When I was 16, my older sister introduced me to Carven’s ‘Vetiver’, and although I had no idea that vetiver was a raw material as well as the name of a perfume, it became my summertime fragrance, and one of the magnets that would eventually draw me to France. For me, ‘Vetiver’ was the equivalent of summer in France, and I could be there, at least in my mind, whenever I sprayed it on. After a while, all I had to do was look at the bottle and I was gone.
It wasn’t until I had been living in France and writing about fragrances that I learned what vetiver actually is: a dry grassy plant whose fragrant root is used in perfumery.

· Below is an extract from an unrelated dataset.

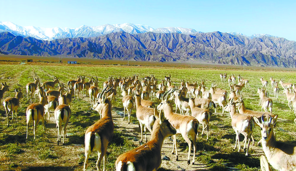 近日,200余只鵝喉羚集聚在海西蒙古族藏族自治州烏蘭縣呼德格勞牧場(chǎng)苜蓿草種植基地內(nèi),或悠閑吃草,或漫步在廣闊的牧野中,與背后的雪山構(gòu)成一幅人與自然和諧共處的美麗畫(huà)卷。

I also began to realize that the vetiver note was in many of the fragrances I liked best. ‘Jicky’, ‘Rive Gauche’, and ‘Sycomore’ immediately came to mind, but there were many more.
It was only recently, at an open house organized by Givaudan, one of the world’s largest essential oil producers, that I recognized the magnitude of vetiver’s importance in my life. For the event, Givaudan had asked its top noses to come up with a number of original vetiver fragrances to demonstrate the quality of its Haitian vetiver, and the many possibilities vetiver brings to perfumers’ palettes.
Usually in a situation like this, some or even most of the fragrances will not be to my liking. Not this time. To my surprise, fragrance after fragrance elicited an initial response of, ‘Oh yes, I like this,’; ‘Oh yes, I could wear that,’; or ‘Oh, I WANT this one!’. Favorites were: ‘Des Racines et Des Ailes’ an abstract vetiver by Shyamala Maisondieu, and ‘Stanley’ a sensual leather vetiver by Aurélien Guichard. I even liked ‘Baie des Cayes’, a vetiver marine blend by Olivier Pescheux, although marine fragrances usually don’t appeal to me. It seems that alone or in combination, I simply LOVE vetiver!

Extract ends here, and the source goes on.